Thursday, 27 June 2024

A Quiet Place: Day One: Review

A Quiet Place: Day One: Review

Cast: Lupita Nyong'o, Joseph Quinn, Alex Wolff, Djimon Hounsou
Director: Michael Sarnoski

The latest chapter in the A Quiet Place franchise goes back to the very beginning, moments of which were hinted at during flashbacks in 2020's A Quiet Place Part II.

This time, shorn of any on-screen John Krasinski or Emily Blunt, the film focuses on Lupita Nyong'o's Sam, who finds herself trapped in New York City when the alien invasion begins.

A Quiet Place: Day One: Review

The latest film is penned by Krasinski, so his fingerprints are still all over the storyline and in truth, it's infinitely better than it has any right to be. 

That's largely due to a story that feels like a Tales From The Quiet Place rather than attempting to replicate what has gone before.

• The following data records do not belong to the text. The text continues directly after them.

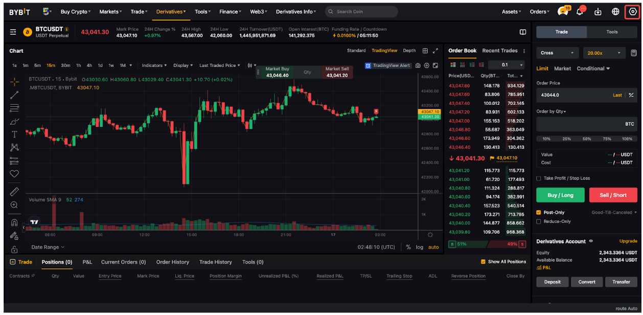Paso 1: abre la aplicación de Bybit y ve a la página de trading de Derivados de tu par de trading preferido.
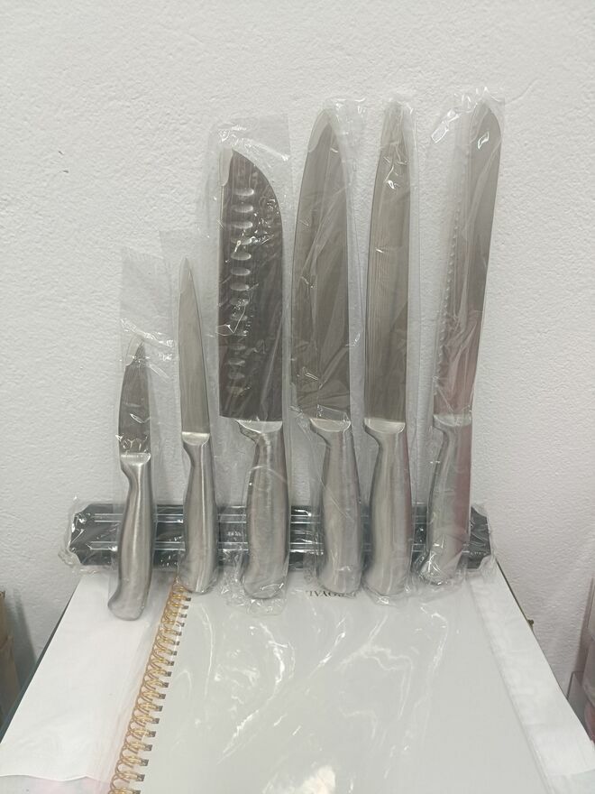 Sprzedam zestaw noży ze stali nierdzewnej.Zestaw 6 sztuk plus listwa magnetyczna.
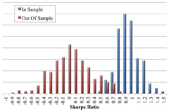 Out of Sample: this distribution of Sharpe ratios derives from 400 simulator trials of the optimized trading strategies with different random number generator seeds (new “return” series). This distribution has a mean Sharpe ratio of about zero, as expected in the absence of sample optimization.

But it's also seemingly hampered by the fact that it begins with a character in a hospice and an inevitability over how the alien invasion goes and therefore there's a limit on how much stock you'd place on any length of survival.

Yet, surprisingly, the film is quite moving, even if parts of it feel dangerously close to overplaying some of the mystery of how it all began. Abandoning the flashback ethos of the first two, the film follows a linear narrative as it tells the story of Nyong'o's Sam and Joseph Quinn's Eric.

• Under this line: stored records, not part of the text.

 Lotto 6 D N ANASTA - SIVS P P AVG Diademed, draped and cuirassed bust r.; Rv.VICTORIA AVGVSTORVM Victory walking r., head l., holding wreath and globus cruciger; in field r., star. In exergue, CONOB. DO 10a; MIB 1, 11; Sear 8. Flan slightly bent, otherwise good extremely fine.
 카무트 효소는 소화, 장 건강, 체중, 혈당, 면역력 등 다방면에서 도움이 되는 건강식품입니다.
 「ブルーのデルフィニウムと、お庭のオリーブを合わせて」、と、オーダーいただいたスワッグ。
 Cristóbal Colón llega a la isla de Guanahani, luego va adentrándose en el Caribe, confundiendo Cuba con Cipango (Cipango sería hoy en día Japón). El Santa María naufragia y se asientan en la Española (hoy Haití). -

Throwing in a cat as Sam's support animal, the heartstrings are already to be tugged, but wisely by injecting proceedings with some tension and some overt scenes of 9/11 style stragglers and survivors in New York's dust-ridden warzone streets, the film flirts dangerously close to overegging the pudding. (Especially in one sequence which is overt in its religious iconography.)

Yet Nyong'o's dignified, empathetic and restrained turn as survivor Sam makes A Quiet Place: Day One what it is - granted, there needs to be a suspension of disbelief (cats wouldn't be quiet for that long, surely), but anchored by such a lead, the film manages to wipe away any doubt this is a lazy cash-in.

Pig director Sarnoski wisely keeps the creatures largely out of focus as threats (apart from a few scenes which teeter on the edge of B-movie creature feature and lazy jump scares) as he steers this journey of connection and redemption to its conclusion.

It may not quite reach the heights of the first film, but stripped of a need to over-explain proceedings, and thanks to committing to film some imagery of harrowing proportions, this spinoff side story manages to prove that once again, silence is golden.